_PROBLEM REQUIREMENTS_
Copy exactly every line below, from the first through the one that contains "멜번에서 드라군 자세로", and skip all pictures.

_THE DATA_
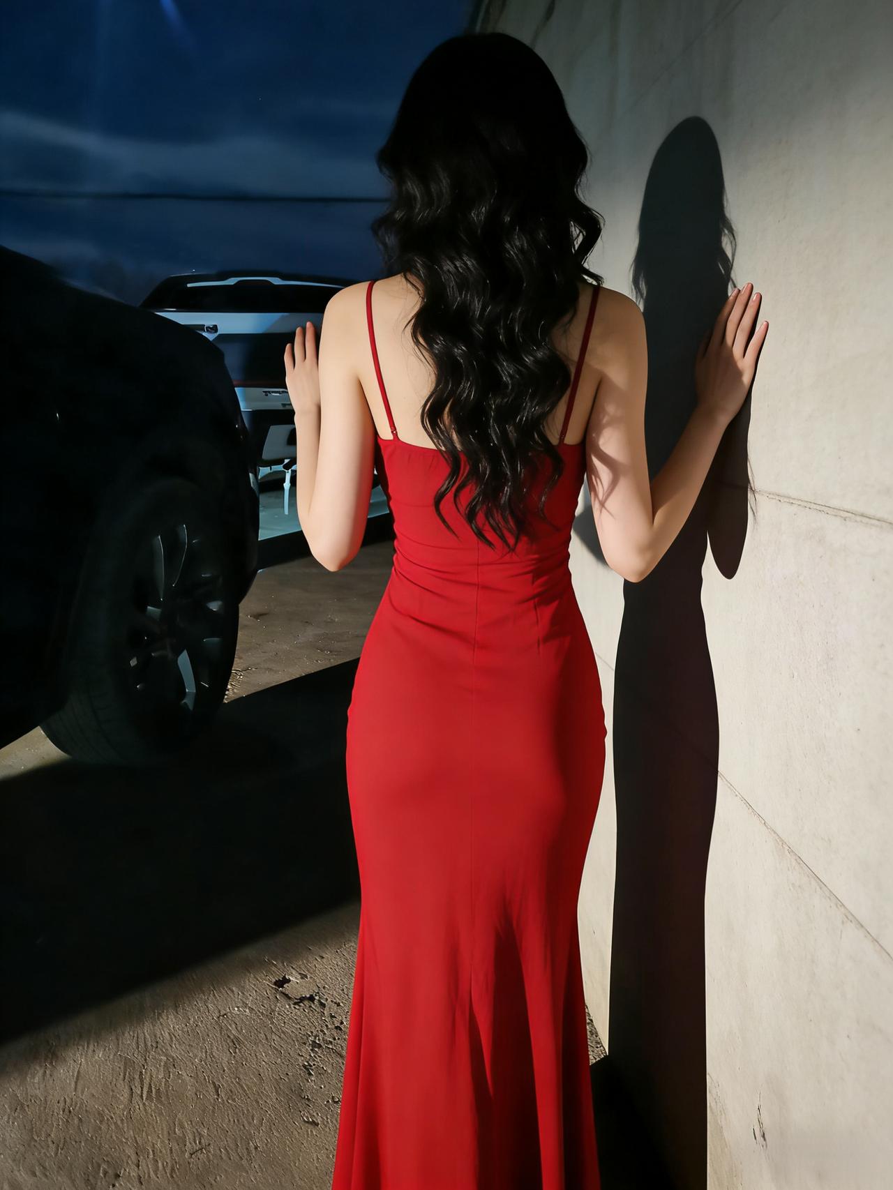 红裙是泼在夜色里的火 吊带细得像月光的丝线 如霞光包裹娇弱的身躯 也裹住了整个黄昏的温柔 ~ 背影贴着冷墙,手掌轻抵 像怕惊扰墙后的静寂 卷发蜷曲,是黑色的浪 在蓝调的夜空下起伏 ~ 车影在侧,金属的冷硬 衬得红裙更艳,像心口的痣 灯光斜斜扫过来 把影子拓在墙上,歪歪扭扭 像一首没写完的情诗 ~ 指尖或许捏着耳环的坠 或许刚放下拨通的电话 这抹红,是夜的缺口 在城市的暗角,烧出一抹暖意
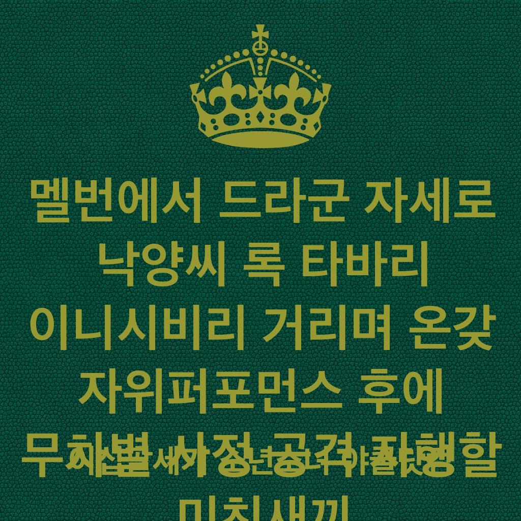 멜번에서 드라군 자세로 낙양씨 록 타바리 이니시비리 거리며 온갖 자위퍼포먼스 후에 무차별 사정 공격 자행할 미친새끼
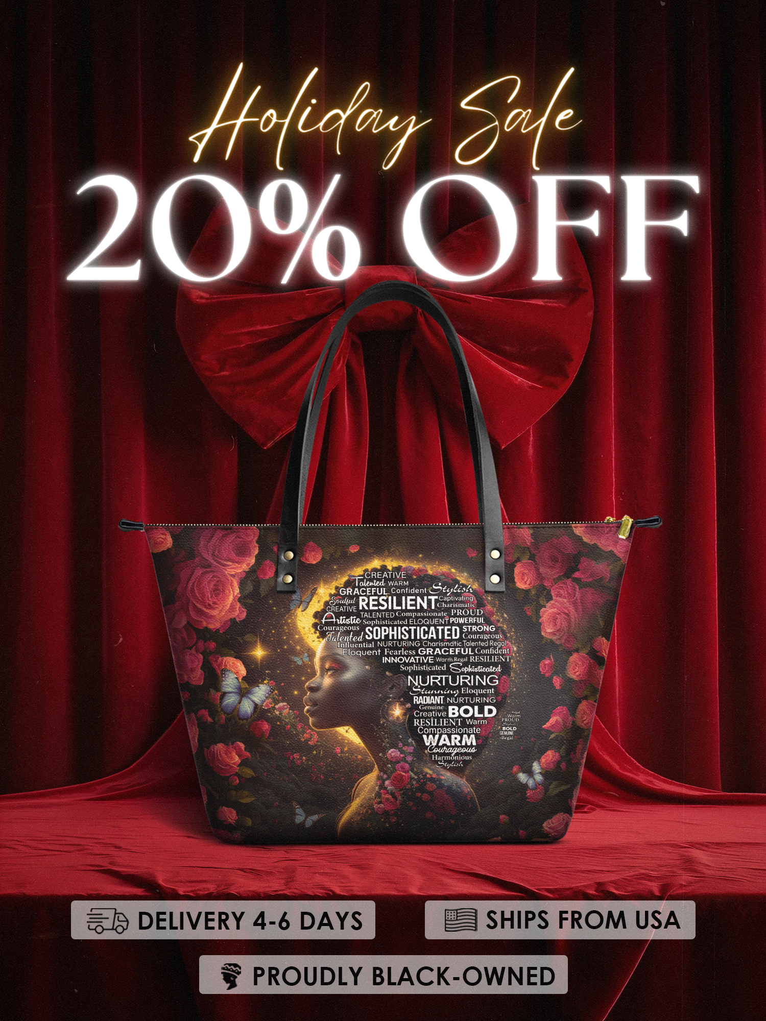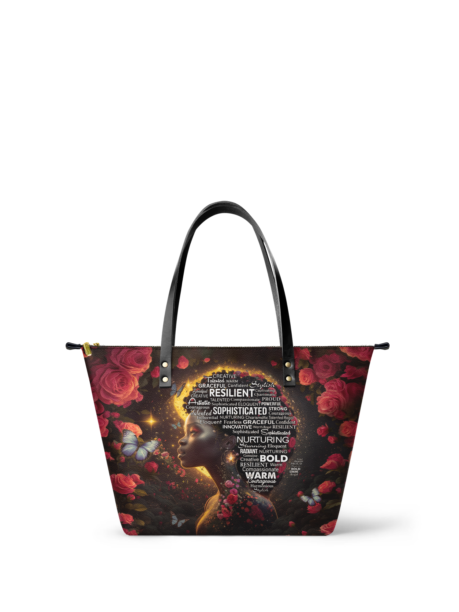 Wrapped in warm florals, radiant light, and gentle butterflies, it honors the parts of you the world often overlooks... and the ones you’ve always known were there. Because being a Black woman means being everything—and this bag carries every part of that beauty with pride.

_TASK SOLUTION_
 红裙是泼在夜色里的火 吊带细得像月光的丝线 如霞光包裹娇弱的身躯 也裹住了整个黄昏的温柔 ~ 背影贴着冷墙,手掌轻抵 像怕惊扰墙后的静寂 卷发蜷曲,是黑色的浪 在蓝调的夜空下起伏 ~ 车影在侧,金属的冷硬 衬得红裙更艳,像心口的痣 灯光斜斜扫过来 把影子拓在墙上,歪歪扭扭 像一首没写完的情诗 ~ 指尖或许捏着耳环的坠 或许刚放下拨通的电话 这抹红,是夜的缺口 在城市的暗角,烧出一抹暖意
 멜번에서 드라군 자세로 낙양씨 록 타바리 이니시비리 거리며 온갖 자위퍼포먼스 후에 무차별 사정 공격 자행할 미친새끼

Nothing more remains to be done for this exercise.